I turned out to be a variation of that guy. I don't know how it happened, but I grew up to be the gross professor who brownbags a leftover container of cabbage soup, which I heat up at 11:00 a.m., just before other people are ready to smell hot food. My colleagues, mature midlife scholars, are too tactful to make outright gagging noises, but they sure don't come knockin' when that Borscht starts a-rockin'.

Don't get me wrong; it's good soup. As an adult I have even sometimes served it to guests as a kind of novelty, though I naturally don't mention the vinegar thing. People do like Borscht. They regularly have seconds. (On a side note, Borscht is mighty useful as a weight-loss staple, given its low-carb cabbage goodness. I encourage my readers to communicate this information to the diet guru Suzanne Somers. Borscht is my gift to her. I give it freely.)

But Borscht is not what you want to tuck into your child's lunch. Trust me. Complications attach to cold Borscht. Back when I was a child, with what was no doubt our limited technology, the chief function of the thermos was to transport liquid, not to retain heat. The Borscht thermos therefore became a time bomb of toxic stink, an odor so scurrilous it could clear a room. I am also willing to consider the possibility that it was only our thermoses, Aaron's and Caleb's and Hannah's and mine, that did not retain heat. My own thermos never matched my diaper bag, so who knows where my mother found it?

As midlife foodies, Hannah and I formed a plan to make Mennonite foods less embarrassing, more appetizing. We even toyed with the idea of writing our own cookbook. The challenge would be both gustatory and aesthetic. For instance, what could you do to make a boiled hoop-cheese dumpling more fashion-forward, particularly when the white dumpling wears the telltale Mennonite vest of cream gravy? This slightly sour dumpling, called
Verenike
by our people, is unsurpassed in deliciousness, but I am ready to admit that it would not cut it with the ladies who lunch. It has an albescent quality similar to the Mennonite ladies who prepare it. As a people, we are pale as pork chops, flavored by centuries of inbreeding and shame.

Alas, Mennonite cuisine is not what I would call imaginative. At the local farmers' market in my little town, I sometimes see a booth run by Old Order Mennonites, whose women wear head coverings and long modest dresses. The last time I saw the Mennonites I asked them if they had any tiny new red potatoes. The two young women tending the booth looked at each other and tried not to smile. They obviously found my request inexplicable. There were regular-sized potatoes aplenty, right there in front of me. Why on earth would I want tiny runtling potatoes when I could have the big boys? I could see over the young women's shoulders to a basket on the back counter, and in that basket I spied what I was after: marble-sized potatoes, fresh as spring. "How about those?" I asked, pointing.

"Those? You want
those
?" The young woman could hardly contain her amazement. "Those are the culls. We're throwing them away."

"Can I buy them?"

"Okay. Fifty cents."

The young women giggled as I walked away.

But I should have given the Mennonites-and my frugal mother-more credit. Long ago when I was studying in France, I signed up to take a cooking class. This wasn't a course at Gastronomicom or L'École Internationale de Pâtisserie; it was just a course offered by a three-star chef.
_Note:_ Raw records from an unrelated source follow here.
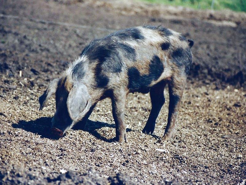 Der ziemlich kleingebliebene Jonas war eines der zwölf Ferkel, die wir Ende Mai 2000 im Alter von knapp vier Wochen zusammen mit ihren Eltern Minja und Botan freikaufen konnten. Also eine ganze Schweinefamilie. Jonas und seine Geschwister haben am 01.Mai Geburtstag.
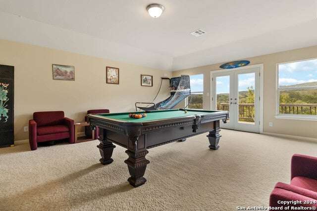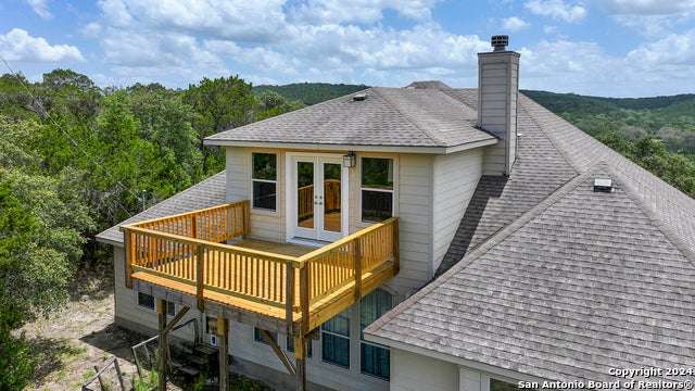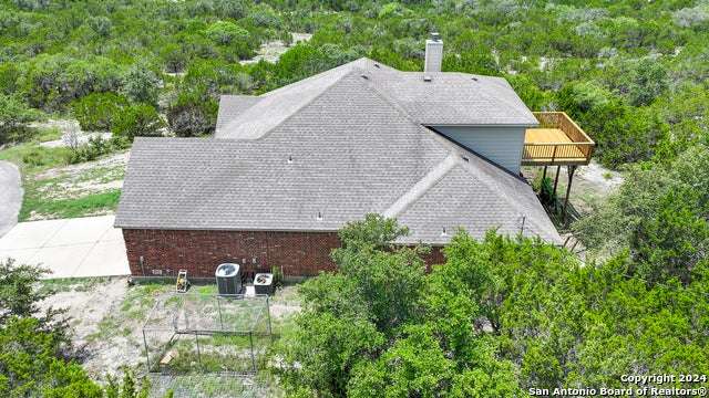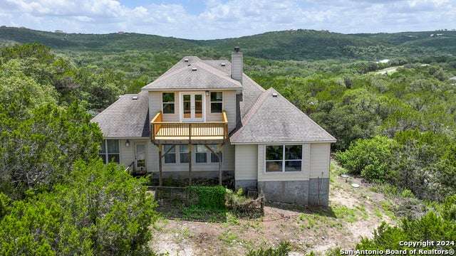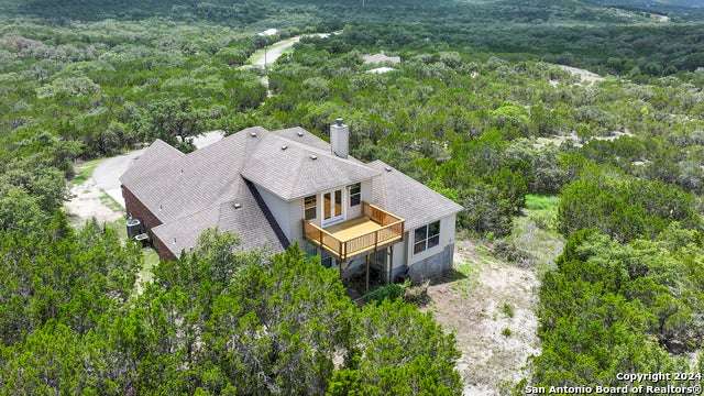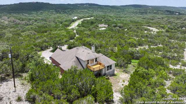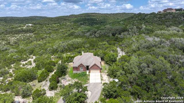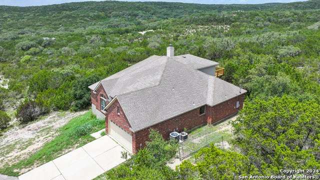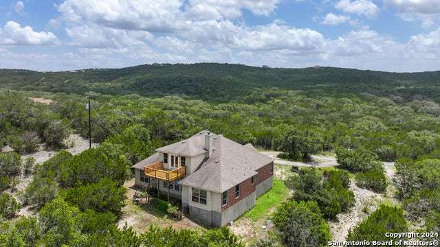 Stunning long range views of the Texas Hill Country from this lovely one story home located in Bear Springs Ranch in Mico, Texas. This smart layout offers 2883 square feet with 3 bedrooms, 2 full bath, private study, game room, and a 2 car garage all sitting on over 5 acres. Enter the long winding driveway to the pinnacle of the hill top to enter this bright and airy open concept home. With views from every room enter the spacious foyer and just to the left is a private study with spectacular views from the windows. To the right is a formal dining room spacious enough to seat 10. The open concept of the living room, breakfast bar, and kitchen is the heart of the home and boasts SS appliances, an overabundance of 42" custom cabinet storage, huge island, and breakfast bar to seat 4. The primary retreat offers privacy and a spa bath with separate shower, double vanities, and soaker tub. Two guest rooom split from the primary with access to a full bath, The only room on the second floor is the expansive game room which provides entry to the deck where the views take your breath away. Call this Bear Springs Ranch private property home today!
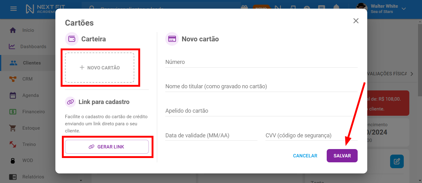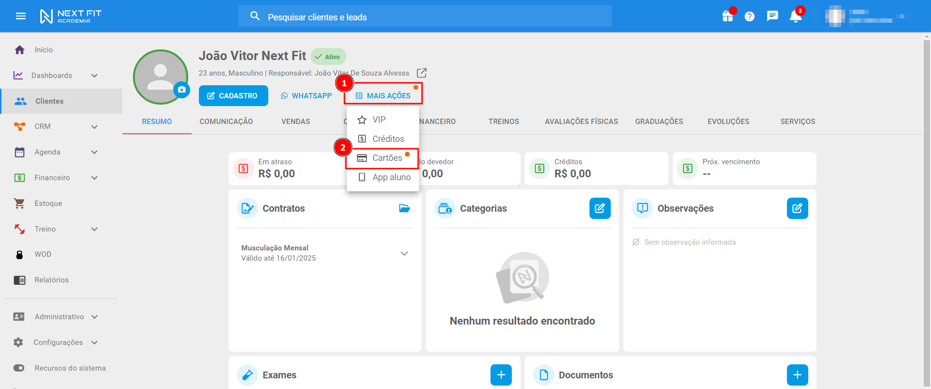 Para cadastrar o cartão de crédito do aluno, clique no ícone MAIS AÇÕES > Cartões, no perfil do cliente, próximo ao nome do aluno(a).
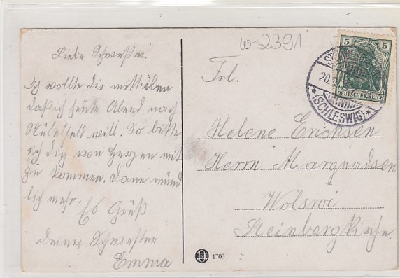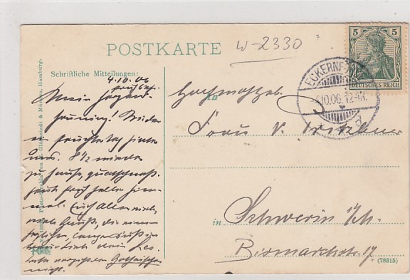 Hamburg Rodenbecker Quellental Stempel Wohldorf 1909

I was surprised, almost miffed, by the fact that there weren't terribly many surprises, beyond the secrets of cooking with wine. Why, we were learning things I already knew how to do! I felt sheepish, like Dorothy when she realizes that she's been wearing the ruby slippers
all along
. I already knew, for instance, how to make velvety sauces, how to cook a nice cut of meat to any degree of doneness, how to set a tart perfectly and plumply in its pan.
It can't be that easy,
I thought in dismay;
there has to be a special kind of cosmopolite knowledge that, once learned, will change me forever.

When I came back to the United States, I gave my first sit-down dinner party for ten, planning a decisively L.A. menu of scallops with three-tomato relish and tomatillo vinaigrette. My guests were industry hipsters, non-Mennonites all, people to whom current culinary trends meant something. It was a debut of sorts, and I was nervous. Would my guests taste my turnip potato gratiné and know me for a poseur and a fraud? Would they intuit that I had trained on brown gravy and homemade applesauce?
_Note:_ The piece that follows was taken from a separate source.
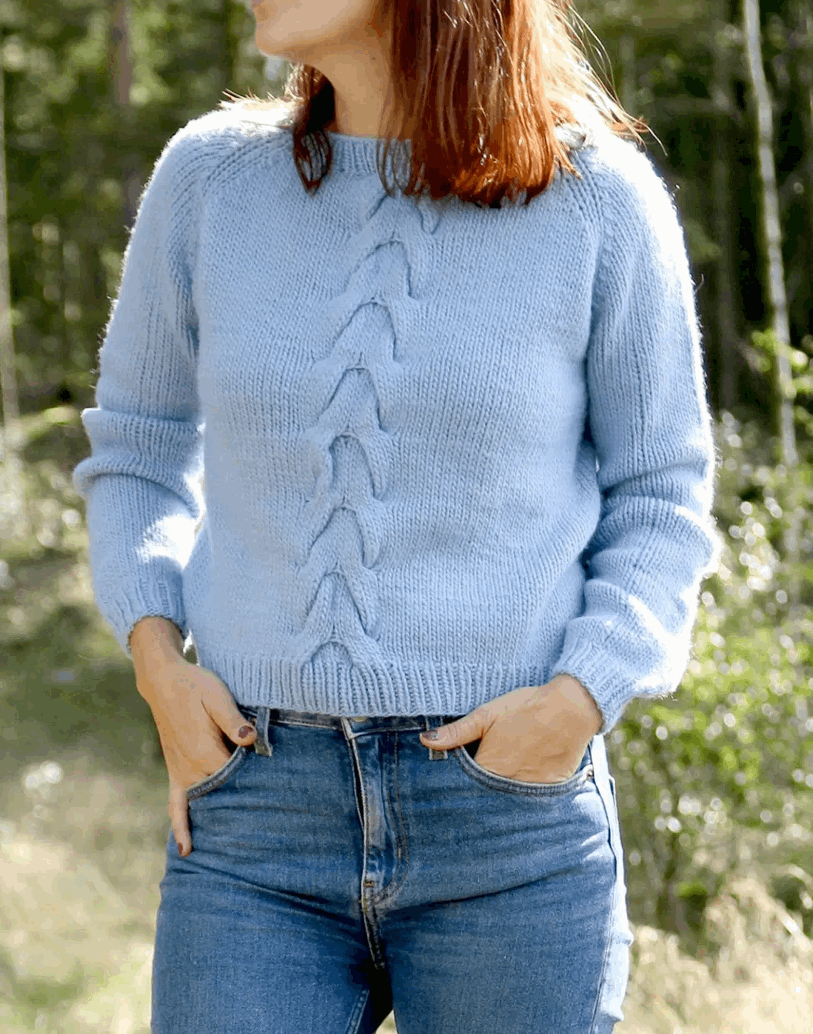 En kul kort genser med en ganske flat og enkel flette foran som pynter akkurat passe mye opp.

The dinner went off without a hitch. I even received two requests for the recipe for my lemon tart with raspberry coulis. That night as I cleaned up after the party, I experienced one of those serene Browning moments: "God's in his heaven, all's right with the world!" Finally, the weight of my Mennonite past no longer seemed an insupportable handicap. In fact, with respect to cooking, I was downright glad I had been given the secret Menno starter kit. Without it I could have never been so confident as I simultaneously freshened the appetizers, served the meal, and enjoyed the company of my dinner guests.
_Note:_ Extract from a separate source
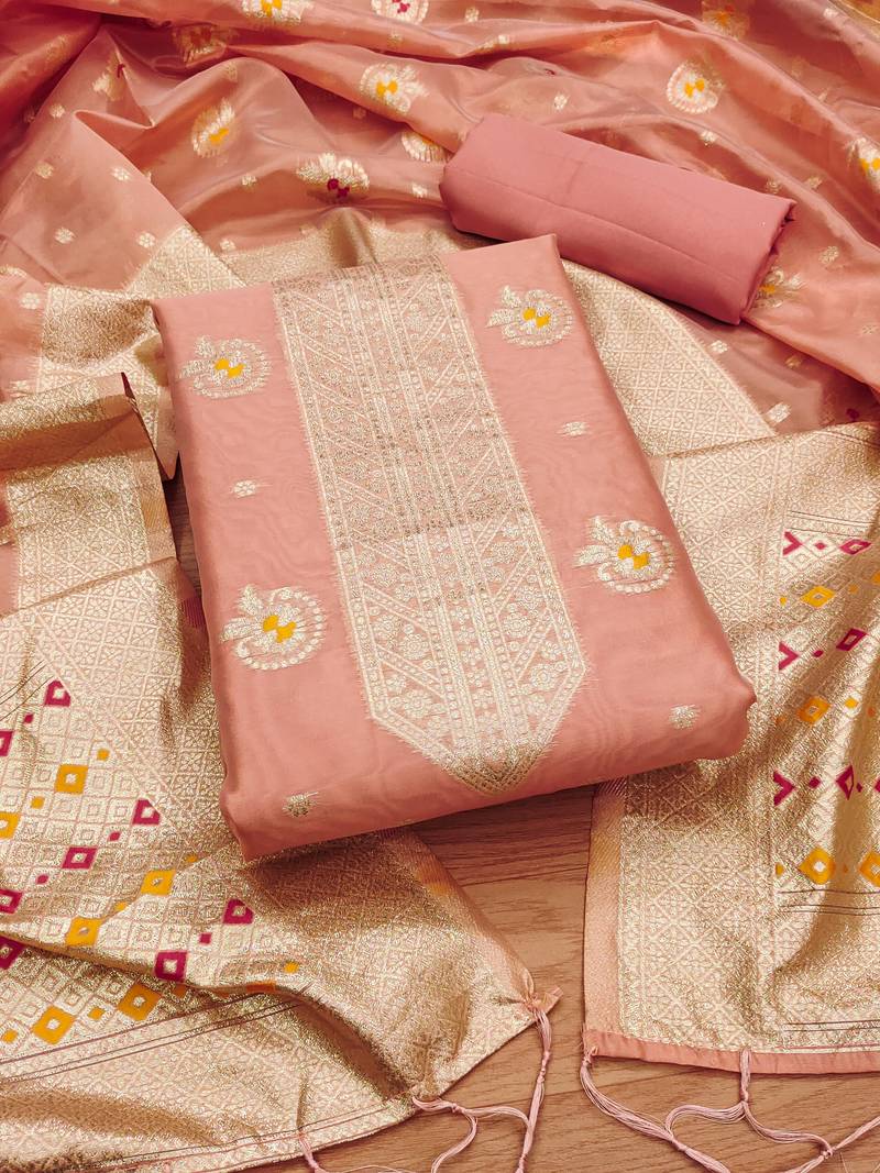 | Product Name | Peach Zari Woven Banarasi Dress Materials | |

Yet it never struck me that I might come out of the Mennonite Closet of Shame foodwise until five or six years ago. I'd spent the last twenty years cooking more or less seriously, learning from Hannah, avidly reading and experimenting with piquant elegancies. Every April my department colleagues throw a banquet for our graduating English majors. Each professor brings a dish. The event lies somewhere between a potluck and an upscale dining experience, as several of my colleagues are excellent cooks. On this occasion I had signed up for an entrée, but a busy schedule had gotten the best of me, and suddenly it was Saturday. Nick said, "Who cares what you bring? Just take something out of the freezer. They're college kids. They'll eat cardboard."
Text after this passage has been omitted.